● TRY IT
Copy out each record that follows exactly, and omit any picture you find.

● MATERIAL PROVIDED

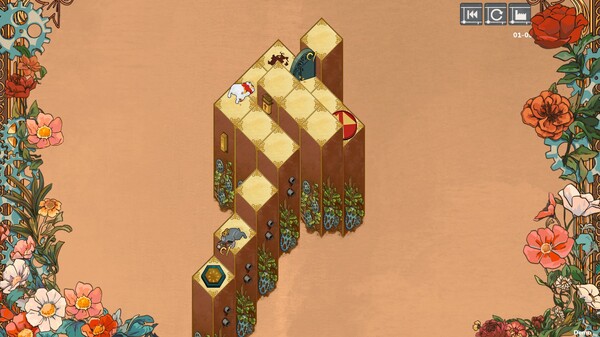 The game features a distinctive graphic style inspired by the works of Alphonse Mucha and Art Deco. It is an intriguing blend of plant motifs reminiscent of a rabbit's burrow and steam-powered machines from Steampunk.
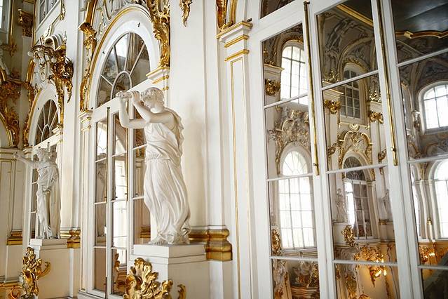 但其实叶宫并不是叶卡捷琳娜二世造的,叶宫是彼得大帝为了他抢来的老婆叶卡捷琳娜.阿列克谢耶芙娜,或者叫叶卡捷琳娜一世建造的。不过当时估计只是一座土不拉几的庄园,他的第二人主人伊丽莎白女皇扩建了其建筑部分。然后第三任主人叶大帝将原来呈几何形布局的花园改建成时髦的英国式园林。这才有了现在叶宫的模样。是不是有点乱,嗯,老章也有点乱。
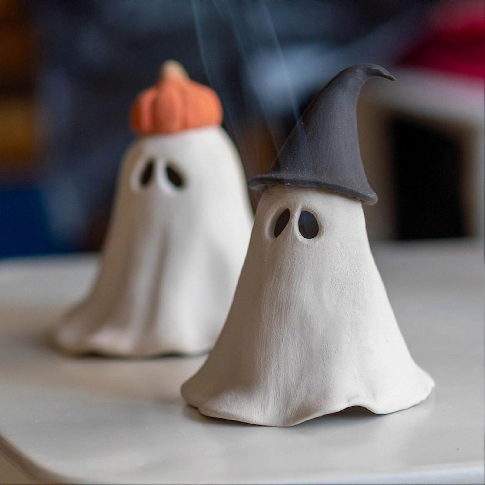 SUSUchens Halloween Ghost Incense Holder Resin Ghost Pumpkin Witch Hat Scent Aromatherapy Burner for Home Bedroom Livingroom Decoration Style A
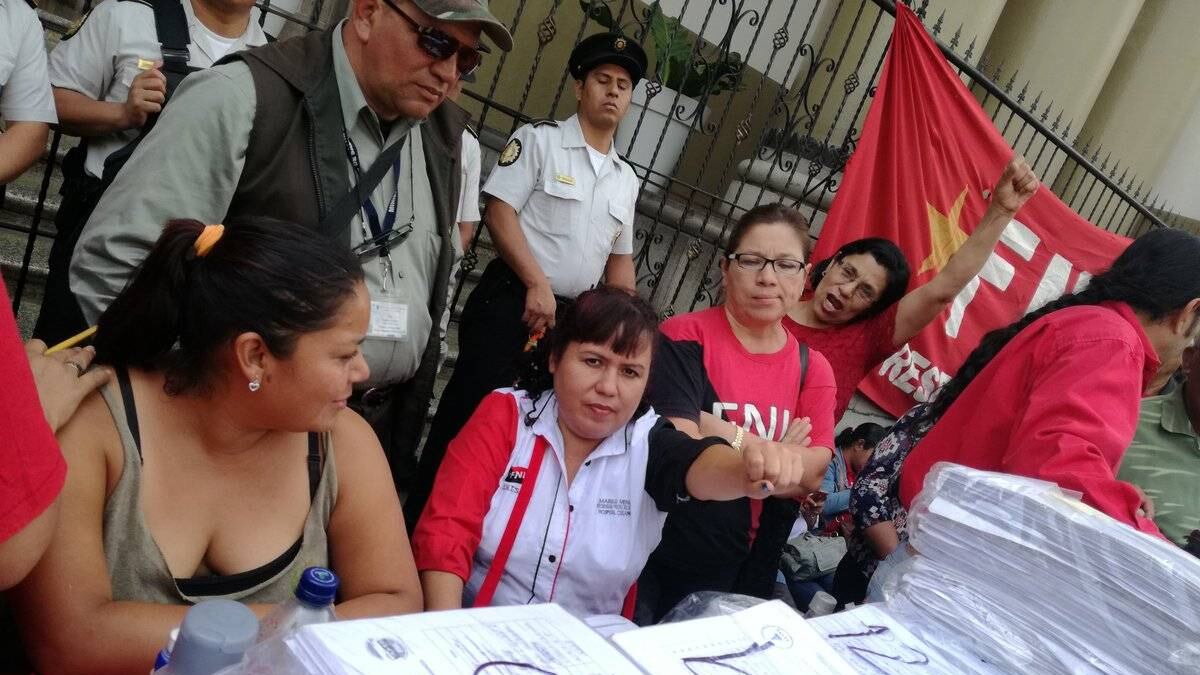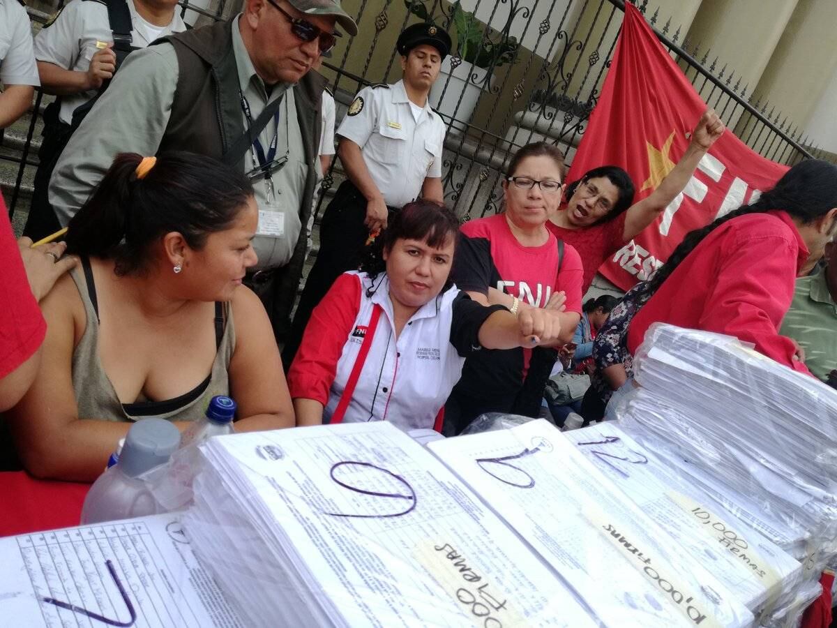 Luis Alpírez, secretario general del SNTSG, explicó que en total fueron presentados 18 paquetes de hojas con las firmas de pacientes y ciudadanos en general, para rechazar la falta de medicinas e insumos en los centros asistenciales.
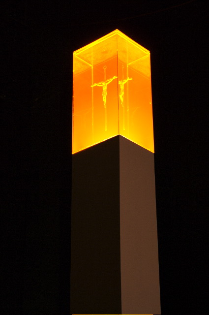 Sparks (alcoholic energy drink), metal crucifix, acrylic, lamp, wood enamel, 2007
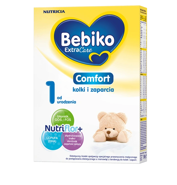 Bebiko Comfort 1 NutriFlor+ zostało stworzone z myślą o niemowlęciu, które nie jest karmione piersią, a cierpi z powodu kolek i/lub zaparć. Odpowiednio opracowany skład produktu sprawia, że Bebiko Comfort 1 NutriFlor+ łagodzi dolegliwości trawienne małego brzuszka oraz powoduje, że stolce dziecka są bardziej miękkie. Bebiko Comfort 1 NutriFlor+ jest bardziej lekkostrawne i delikatne, ponieważ zawiera białko o nieznacznym stopniu hydrolizy i ma obniżony poziom laktozy.
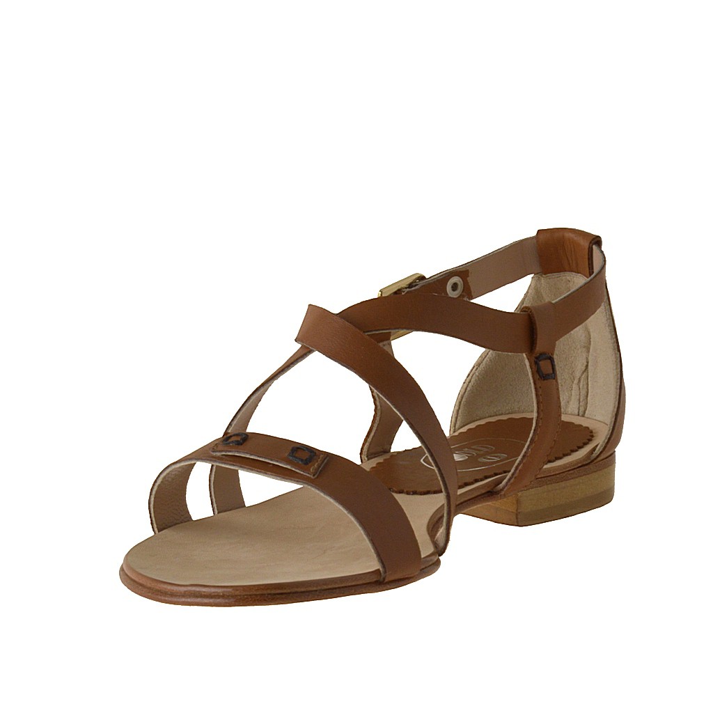 Chaussure ouvert avec courroie en cuir cognac talon 1 - Pointures disponibles:  31
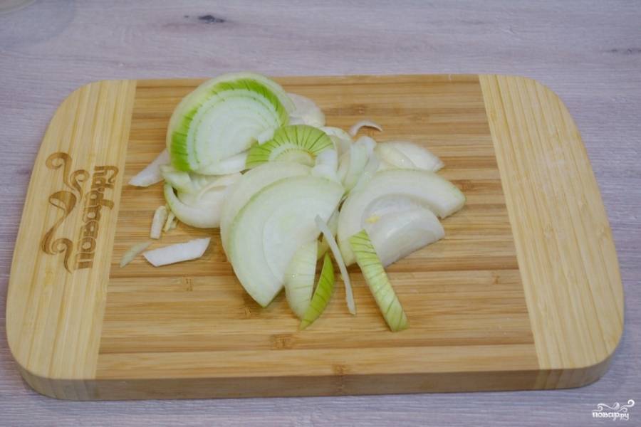 Репчатый лук нарезаем тонкими полукольцами. Сильно мельчить овощи нет смысла.
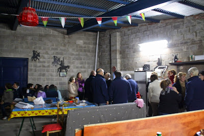y estuvimos toda la tarde de cháchara hasta que llegó la noche.... volvimos a sacar las mesas, tomamos un bocado, y después noche de fiesta, todos con falda que era el tema de la fiesta,
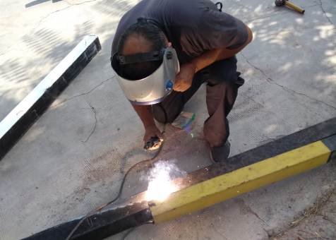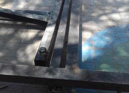 Personal idóneo en metalurgica de la Coordinación de Servicios Generales, asistió a la escuela Nº 2-002 «Pedro Nolasco Ferreyra» de Capital, para comenzar con el armado de la estructura para el toldo de media sombra.
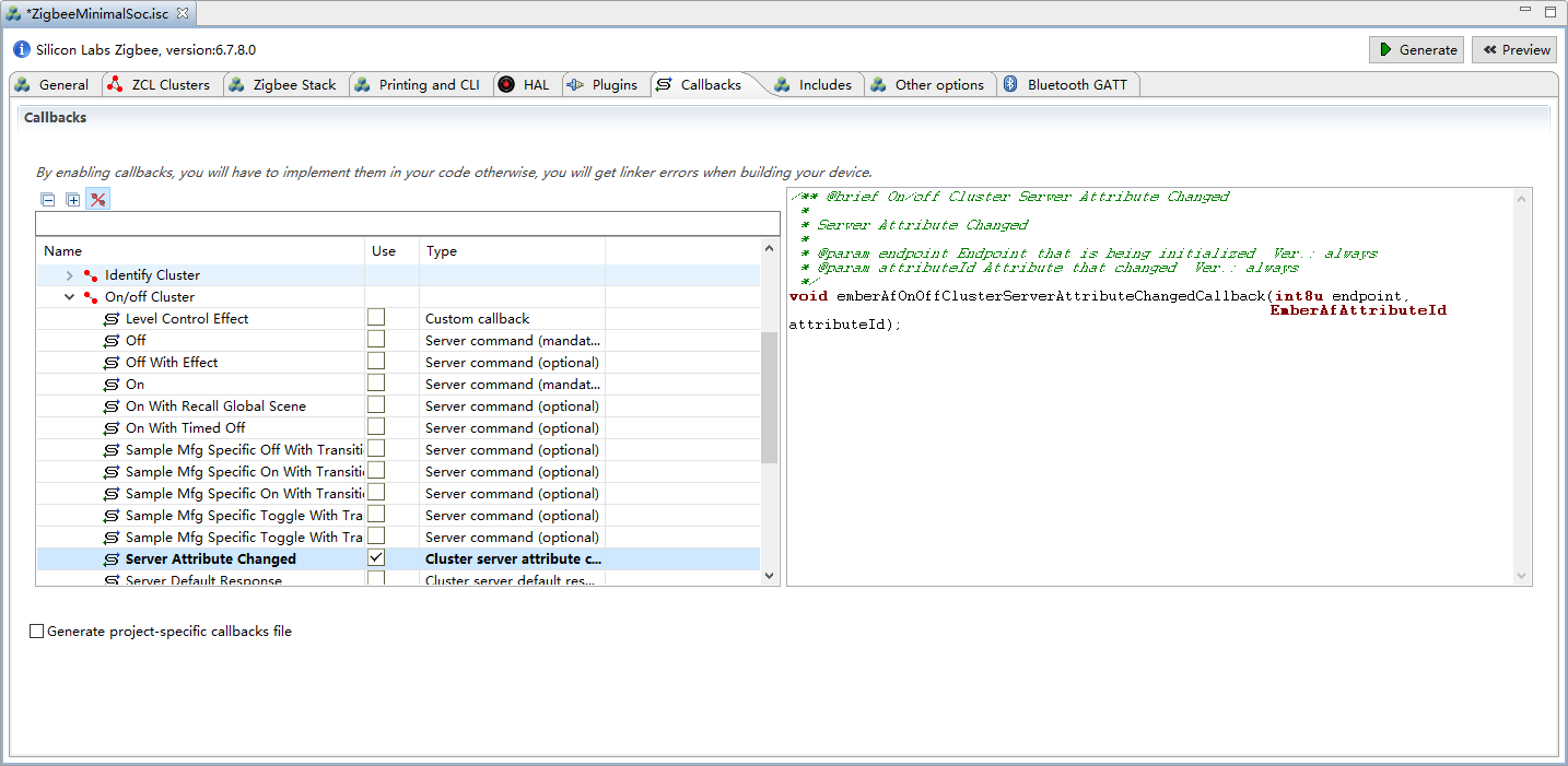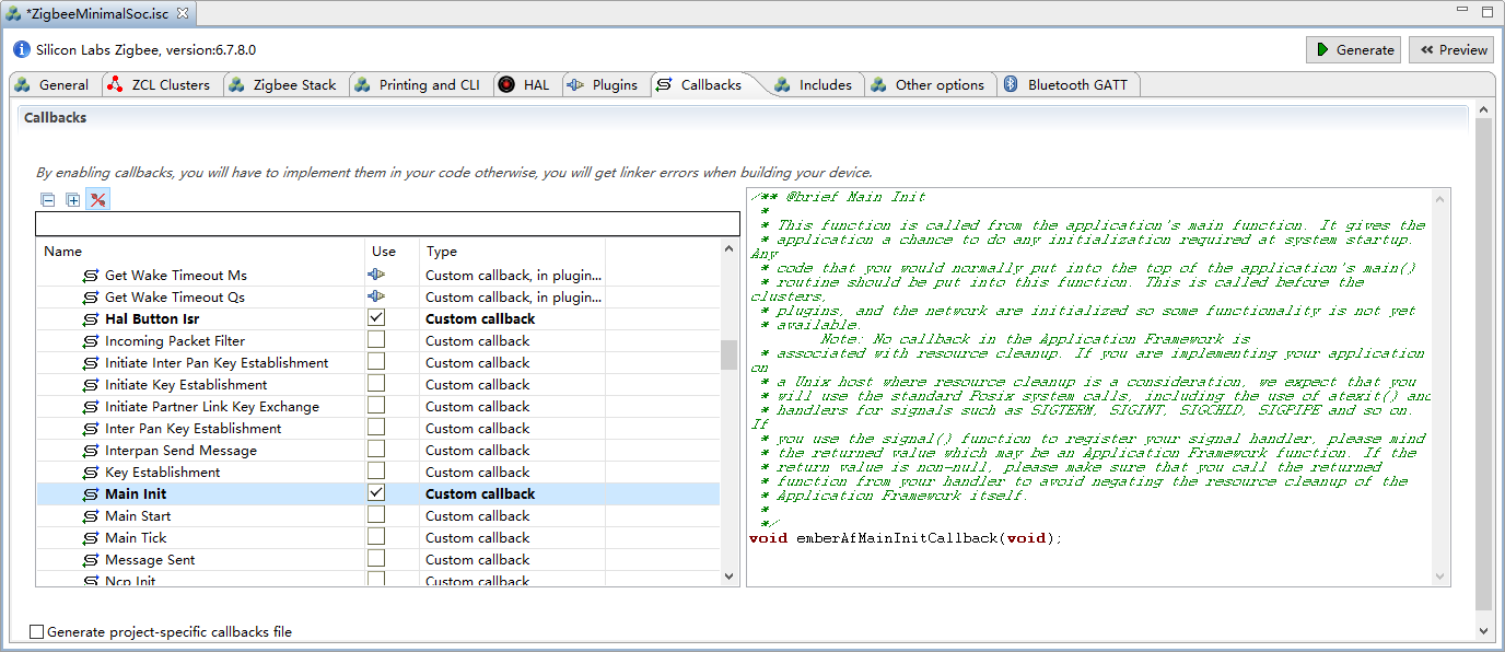 选择 Callbacks 选项,选中 Main Init 选项、Hal Button Isr 选项以及 Server Attribute Changed 选项,如下所示:
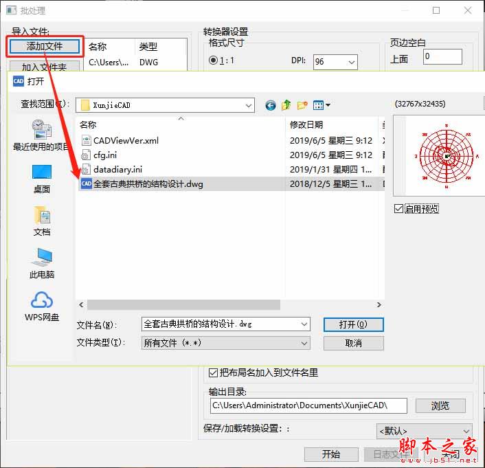 ①可以选择点 击【添加文件】,在弹出的【打开】次弹窗里找到需要转换的CAD图纸添加到【批处理】页面。
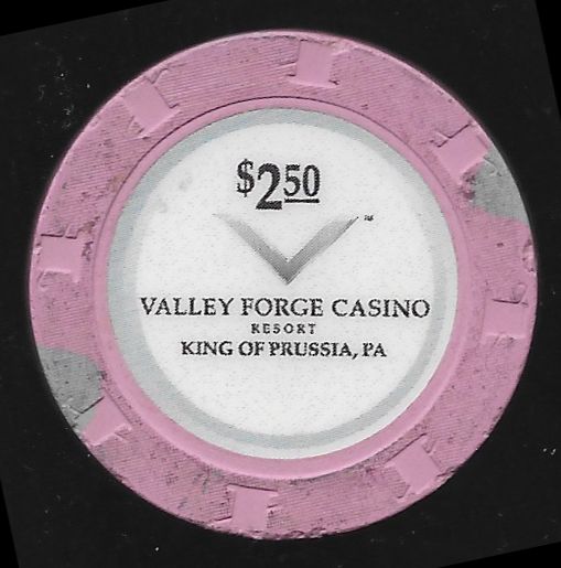 | 10. | Valley Forge Casino King of Prussia PA, 2.50 Pink chip, H&C mold, 2 green triangle inserts, circle inlay

● RESULT FOR THIS TASK
 The game features a distinctive graphic style inspired by the works of Alphonse Mucha and Art Deco. It is an intriguing blend of plant motifs reminiscent of a rabbit's burrow and steam-powered machines from Steampunk.
 但其实叶宫并不是叶卡捷琳娜二世造的,叶宫是彼得大帝为了他抢来的老婆叶卡捷琳娜.阿列克谢耶芙娜,或者叫叶卡捷琳娜一世建造的。不过当时估计只是一座土不拉几的庄园,他的第二人主人伊丽莎白女皇扩建了其建筑部分。然后第三任主人叶大帝将原来呈几何形布局的花园改建成时髦的英国式园林。这才有了现在叶宫的模样。是不是有点乱,嗯,老章也有点乱。
 SUSUchens Halloween Ghost Incense Holder Resin Ghost Pumpkin Witch Hat Scent Aromatherapy Burner for Home Bedroom Livingroom Decoration Style A
 Luis Alpírez, secretario general del SNTSG, explicó que en total fueron presentados 18 paquetes de hojas con las firmas de pacientes y ciudadanos en general, para rechazar la falta de medicinas e insumos en los centros asistenciales.
 Sparks (alcoholic energy drink), metal crucifix, acrylic, lamp, wood enamel, 2007
 Bebiko Comfort 1 NutriFlor+ zostało stworzone z myślą o niemowlęciu, które nie jest karmione piersią, a cierpi z powodu kolek i/lub zaparć. Odpowiednio opracowany skład produktu sprawia, że Bebiko Comfort 1 NutriFlor+ łagodzi dolegliwości trawienne małego brzuszka oraz powoduje, że stolce dziecka są bardziej miękkie. Bebiko Comfort 1 NutriFlor+ jest bardziej lekkostrawne i delikatne, ponieważ zawiera białko o nieznacznym stopniu hydrolizy i ma obniżony poziom laktozy.
 Chaussure ouvert avec courroie en cuir cognac talon 1 - Pointures disponibles:  31
 Репчатый лук нарезаем тонкими полукольцами. Сильно мельчить овощи нет смысла.
y estuvimos toda la tarde de cháchara hasta que llegó la noche.... volvimos a sacar las mesas, tomamos un bocado, y después noche de fiesta, todos con falda que era el tema de la fiesta,
 Personal idóneo en metalurgica de la Coordinación de Servicios Generales, asistió a la escuela Nº 2-002 «Pedro Nolasco Ferreyra» de Capital, para comenzar con el armado de la estructura para el toldo de media sombra.
 选择 Callbacks 选项,选中 Main Init 选项、Hal Button Isr 选项以及 Server Attribute Changed 选项,如下所示:
 ①可以选择点 击【添加文件】,在弹出的【打开】次弹窗里找到需要转换的CAD图纸添加到【批处理】页面。
 | 10. | Valley Forge Casino King of Prussia PA, 2.50 Pink chip, H&C mold, 2 green triangle inserts, circle inlay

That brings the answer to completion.